Travion Blount was only 17 when a Virginia court dealt him six life sentences. Two years earlier, he’d robbed a group of teenagers with two older friends at gunpoint during a house party. They stole phones, money, marijuana, and purses. Blount hurt no one, but one of the older boys struck someone with the butt of his gun. Blount’s friends pled guilty and got 10 and 13 years. He went to trial instead, and when he lost, they sent him away to die in prison.
Blount is one of more than 2,500 individuals serving life sentences in American prisons and jails for crimes they committed as children. The US is the only country in the world to sentence juveniles to life behind bars.
However, that could change.

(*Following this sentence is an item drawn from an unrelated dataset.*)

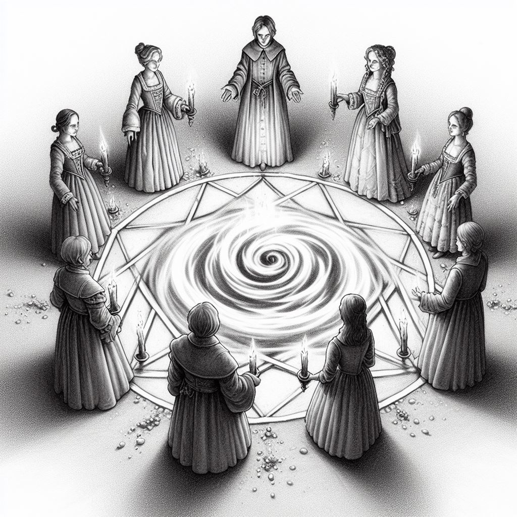 De heksen kring die het magische huis maakt in een andere dimensie.

On Monday, the American Bar Association (ABA) approved a resolution encouraging jurisdictions to “join the policy position of the rest of the world by eliminating mandatory life without parole sentences for juvenile offenders.” Such offenders, the resolution states, “should be given a periodic and meaningful opportunity to demonstrate maturity and rehabilitation.”
The ABA approved the resolution during its Midyear Meeting in Houston. In a statement, ABA President William C. Hubbard said:
“With the adoption of Resolution 107C, the American Bar Association has sent a clear message to the legal community and policymakers across the country that children should never be sentenced to die in prison. As the world’s foremost leader and defender of human rights, the United States should ban life without parole sentences for children—a severe violation of human rights. The ABA applauds those states that have already taken steps to reform their laws and urges other states to pass similar reforms as soon as practicable.”
The US has been edging towards these kinds of reforms for the last decade, following research on the adolescent brain that confirms “the common sense understanding that children are different from adults in ways that are critical to identifying age-appropriate criminal sentences,” the Sentencing Project noted in a recent policy brief. Drawing from such research, the Supreme Court has ruled three times in the past 10 years that children are fundamentally different from adults and that they should be spared from the nation’s harshest penalties. In 2005, the Court determined that the death penalty for children violated the Eighth Amendment’s prohibition on cruel and unusual punishment. In 2010, the Court struck down life-without-parole for non-homicide offenses, and two years later issued the same ruling to include homicide offenses.
Twelve states and the District of Columbia have since banned life sentences, but the policy is still on the books in many others. And even states that have taken measures to reform their sentencing policies, have been inconsistent in applying the ban retroactively, according to the ABA, which is calling on jurisdictions to “eliminate life without the possibility of release or parole for youthful offenders both proactively and retroactively.” If the policy is universally adopted, the United States can join the rest of the world in what’s long been an internationally held standard, and individuals like Travion Blount may get a second chance at life.